Problem description
Please print exactly the lines from the line containing "1月1日,在山東省臨沂市郯城" through the end of the data, no more, and keep pictures out of the copy.

Source material

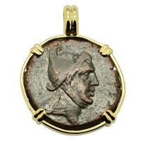 • Greek 100 - 70 BC, Hero Perseus and Pegasus bronze coin in 14k gold pendant.
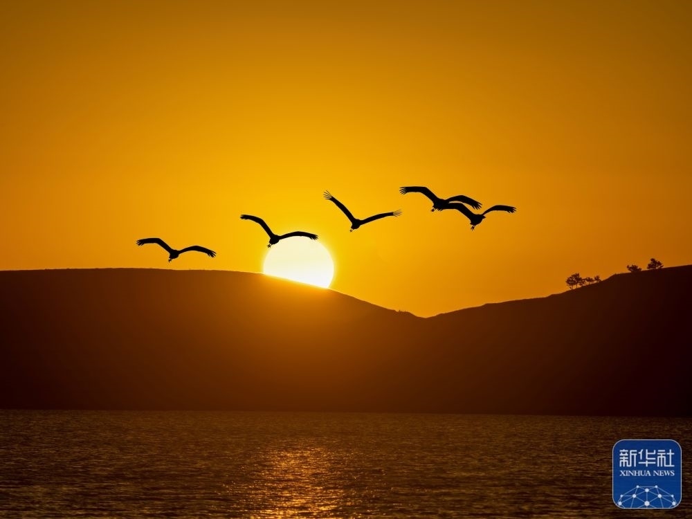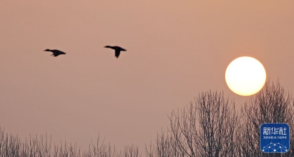 1月1日,在山東省臨沂市郯城縣,鳥兒迎著晨光飛翔。新華社發(fā)(張春雷 攝)
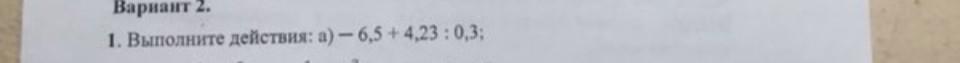 Разобьём этот пример, на два пример. 1)4,23:0,3 и 2)-6,5+(Результат первого выражения)

Response area
 1月1日,在山東省臨沂市郯城縣,鳥兒迎著晨光飛翔。新華社發(fā)(張春雷 攝)
 Разобьём этот пример, на два пример. 1)4,23:0,3 и 2)-6,5+(Результат первого выражения)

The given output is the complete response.